Is that what "AI Engineer" means nowadays? Is that what companies are looking for when they open recs for "AI Engineer"? Should I be marketing myself as an "AI Engineer" just because I'm very efficient using modern AI tooling to build good non-AI software?
When employers invent these titles like "AI engineer", they're looking for tech geeks who check off the keywords du jour. It's no different from the now defunct "blockchain engineer" of yesteryear. It's about broadcasting a particular skillset without really having anything to do with actual engineering. I guarantee you that the role of an AI engineer at one company will look very different in another – because it's not real.
If you did not get the above statement, people who changed their title to "AI Engineer" found it more easy to get jobs, at least from what I have seen.
- AI Engineer: an engineer who builds software that makes use of LLMs and other AI models, and maybe trains models (but not required)
- Agentic Engineer: an engineer who makes use of AI tools like coding agents when writing software.
AI Engineer was quite well established in the last few years to that first meaning, mainly thanks to swyx in 2023: https://www.latent.space/p/ai-engineer - which then lead to the popular AI Engineer Summit / World's Fair series of events https://www.ai.engineer/
But this year coding agents have become much more widely spread (the category didn't exist when AI Engineer was coined in 2023), so there's a possibility the term is being redefined to describe people who use those. I think that's a bad redefinition, personally.
("Agentic Engineer" is much less widely used, there may be other names for that category of engineer that I've not encountered yet.)
ML engineer: builds models and deploys them.
Hosted models have eaten a lot of the domain of ML but the difference is pretty clear in industries like recommendation, where LLMs are slower, less accurate, and cannot be personalized, not to mention orders of magnitude more expensive.
Agentic engineer would be someone who builds agents not just someone who uses them.
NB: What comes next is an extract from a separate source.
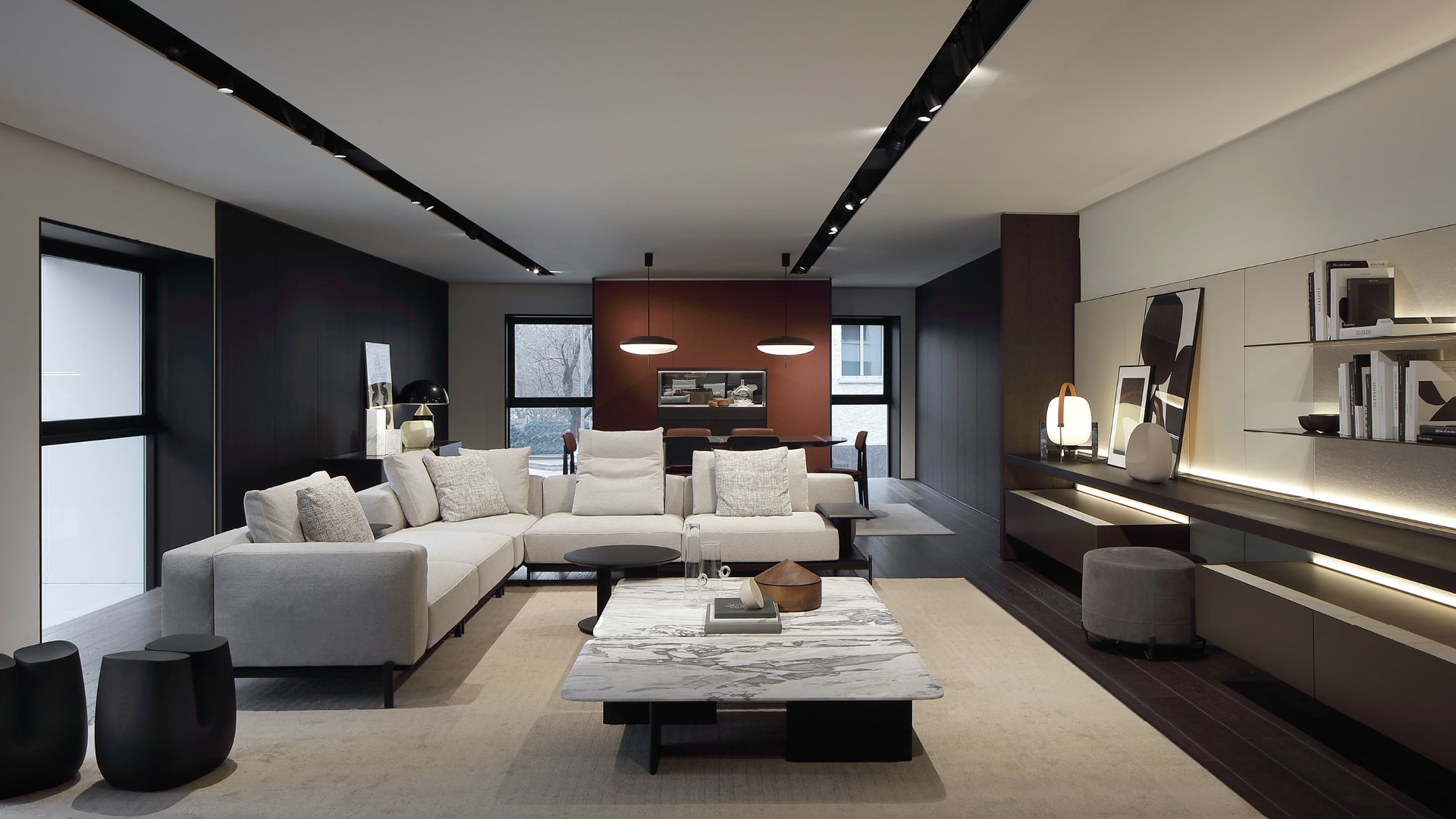 Poliform réinterprète le living avec élégance et innovation dans son showroom de Milan.
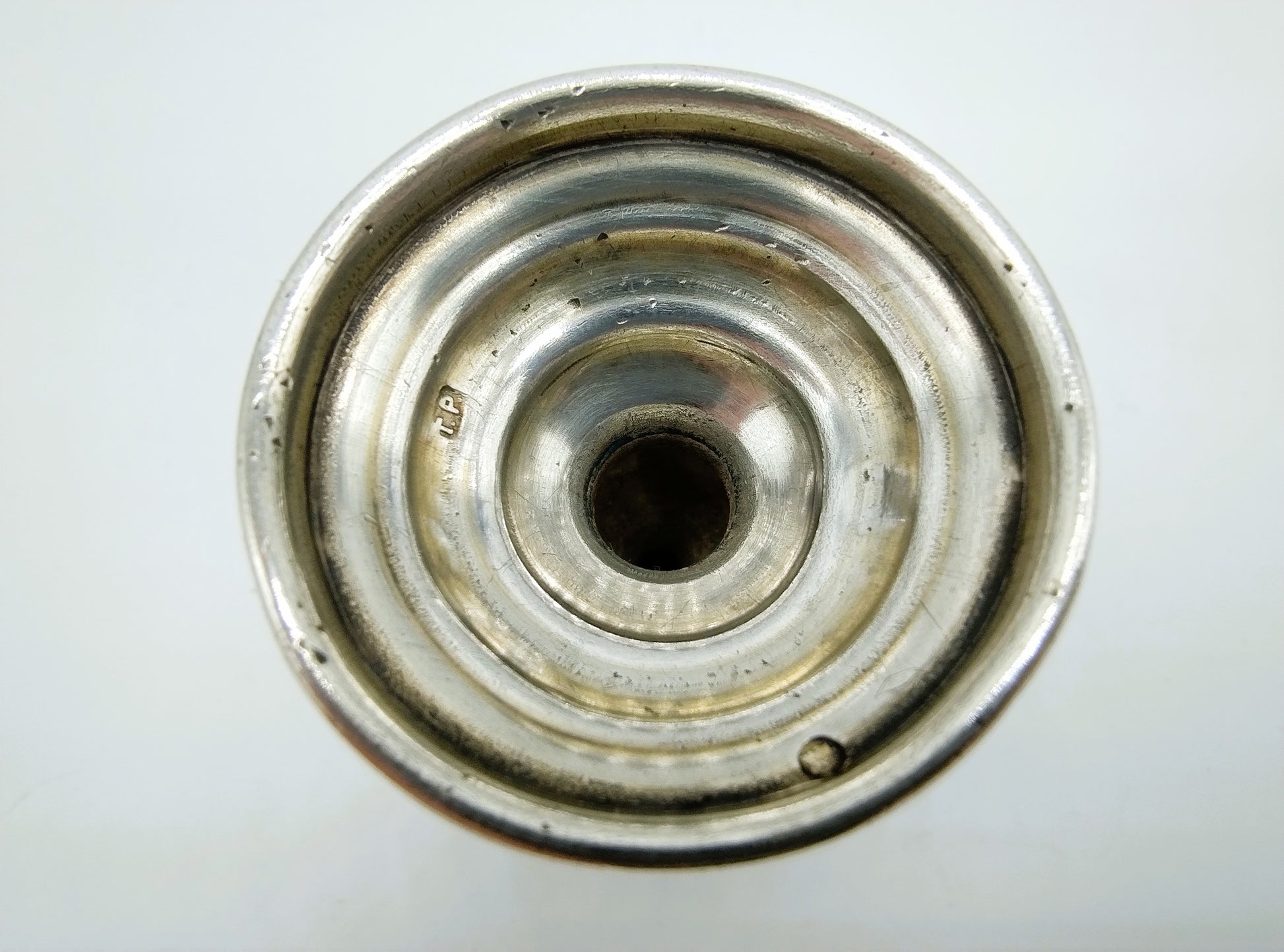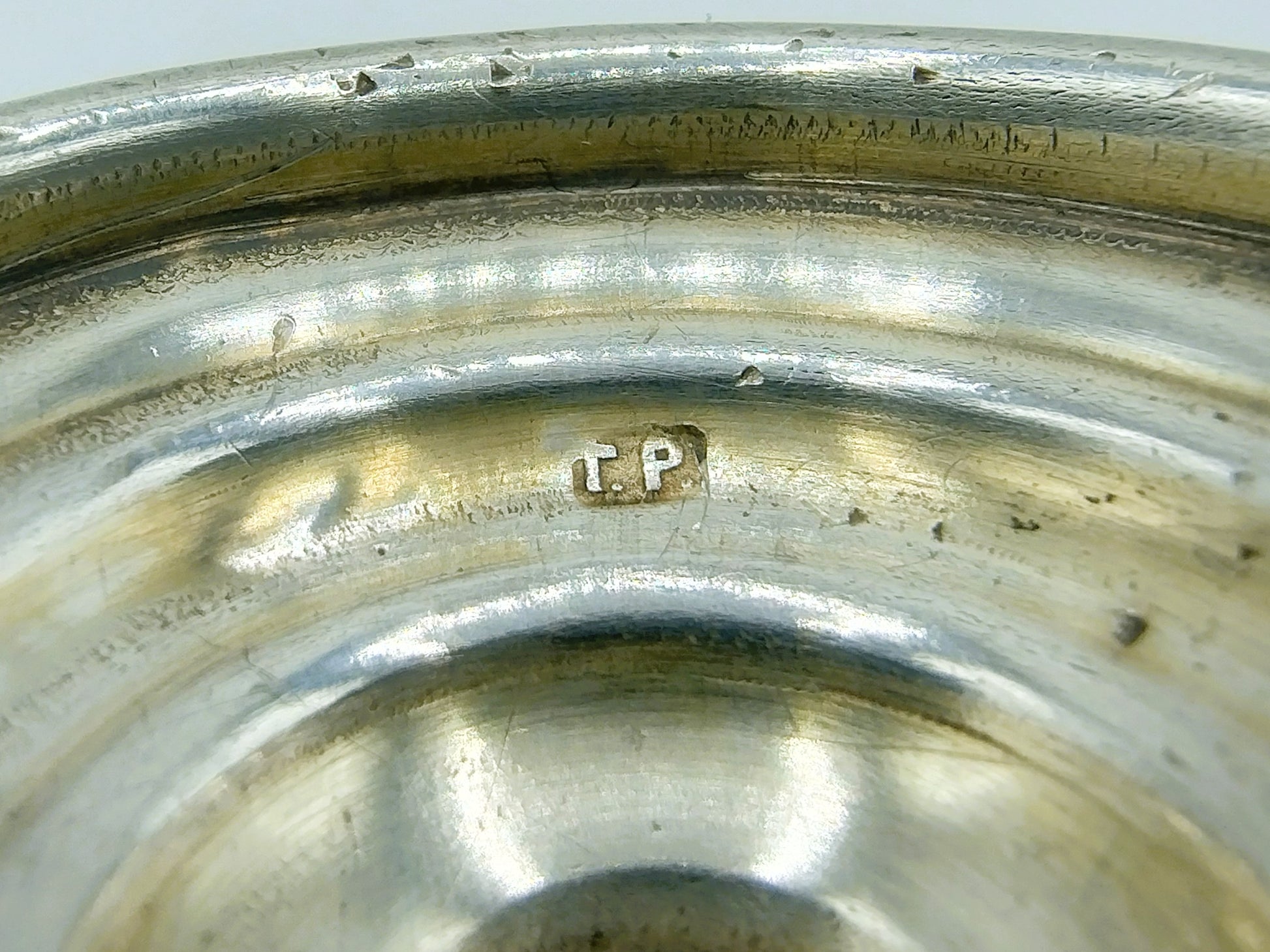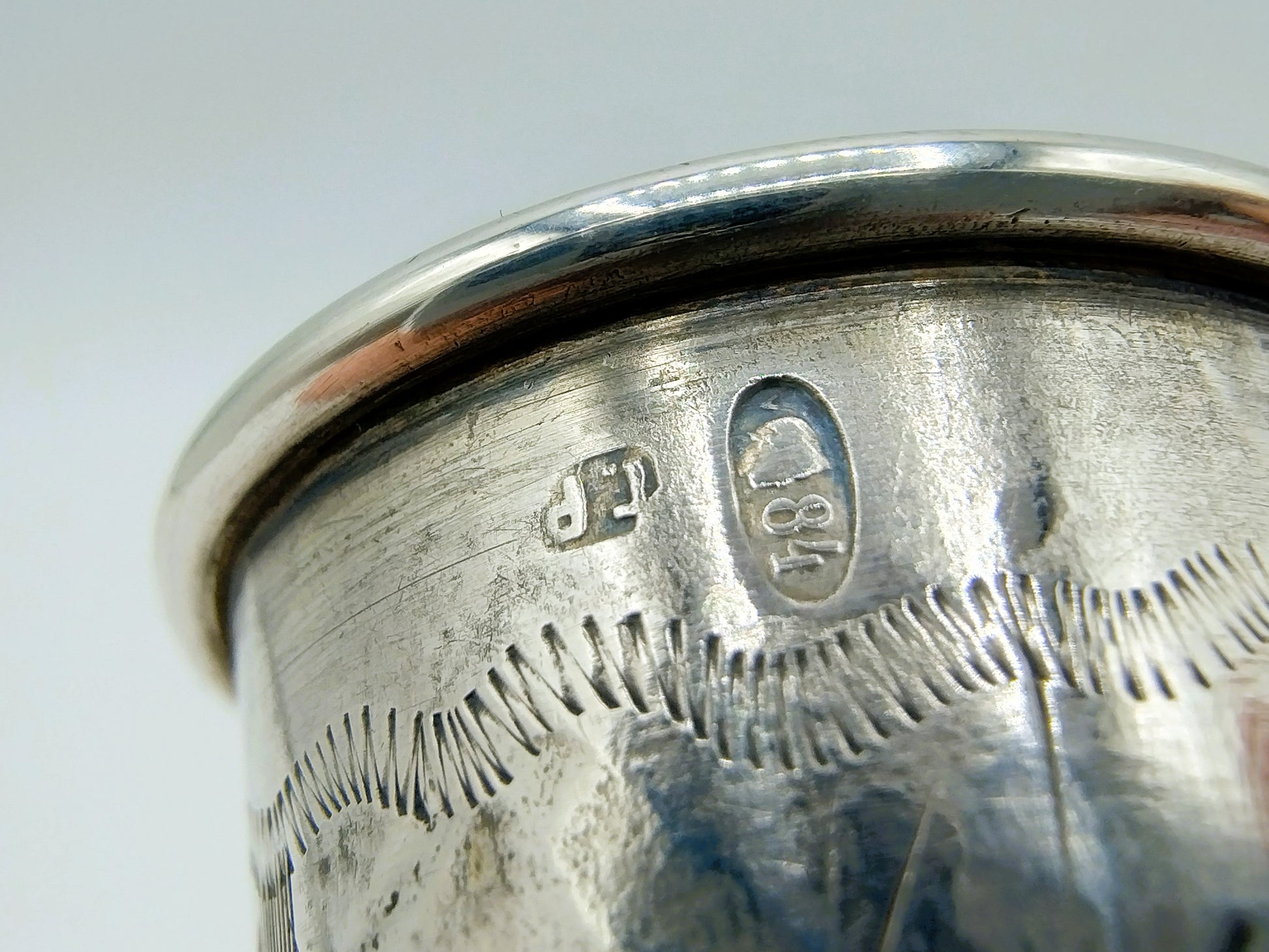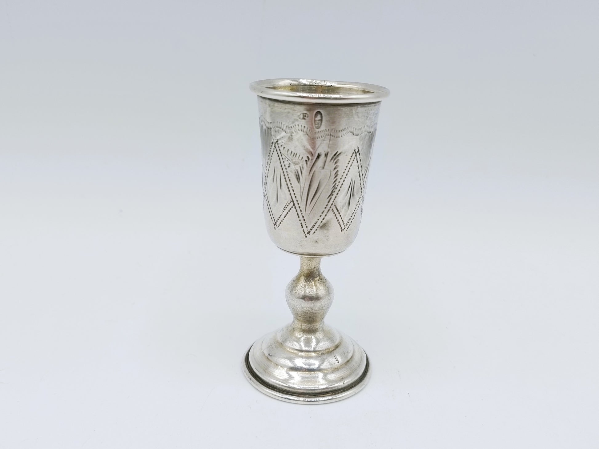 Der Becher trägt die Meistermarke ГР , die zu Гирш Равкин (Girsh Ravkin) gehört, einem bekannten Silberschmied und Hersteller von Judaica.

Anyone can use Claude code.
I'll happily push back against that. Using Claude Code and similar tools effectively is way, way harder than people expect.
Anyone can pick up a guitar and strum the strings, but it takes a whole lot of work to actually get good with it.
No it's actually not that difficult. Even if you are not a "prompt engineer" you will get out what is needed from claude if you use simple logic (no need to be technical). In fact this whole "Prompt Engineering" scam will go extinct soon, as SOTA LLM's already catching up on most edge cases and prompting issues.
> Anyone can pick up a guitar and strum the strings, but it takes a whole lot of work to actually get good with it.
Really the wrong analogy here. You are comparing a human who learned guitar through years of practice. When with AI who itself already knows how to play. You're not learning an instrument. You're more like someone who just hired a virtuoso musician. Yes, you need to tell them what song you want,but you don't need to teach them chord progressions. The model already knows the hard part.
We need a name for engineers who don't use coding agents.
As for whether you should market yourself that way, I personally think your actual experience matters way more because most companies also haven’t hired many “AI engineers” before.
https://news.ycombinator.com/item?id=47975744
https://news.ycombinator.com/item?id=48099785
https://news.ycombinator.com/item?id=47978246
https://gavinray97.github.io/blog/absurdity-of-ai-engineer-t...
Integrating third-party libraries to build an application is a significant chunk of the work in any SaaS product and the expectation is you can read the vendor docs and figure it out
Nobody on earth can tell you that they've "mastered" the art of building software on top of LLMs.
They're weird. They don't behave like other APIs. They're non-deterministic and unpredictable and not even the people who created them fully understand what they can and cannot do.
(For one thing, if someone claims to have mastered LLMs ask them how they would 100% protect against prompt injection attacks...)
It's a speciality, just like being a payments engineer who integrates with systems like Stripe is a speciality.
Being familiar with agent-assisted development helps a little bit because at least you understand prompts, but there's a whole lot more to building software on top of LLMs than that.
Any engineer can get familiar with these things of course, just like any engineer can figure out what it takes to work on payment systems.
I had to migrate all of this from Braintree to Stripe. It probably encompasses the most complex payment system I've worked on in my career.
But that's not a job title, it's just part of "make the app work"
I don't think AI Engineer is an exclusive job title. If anything, coding agents are pushing us all to become generalists much more so than before.
I graduated from Dickmuth with honors.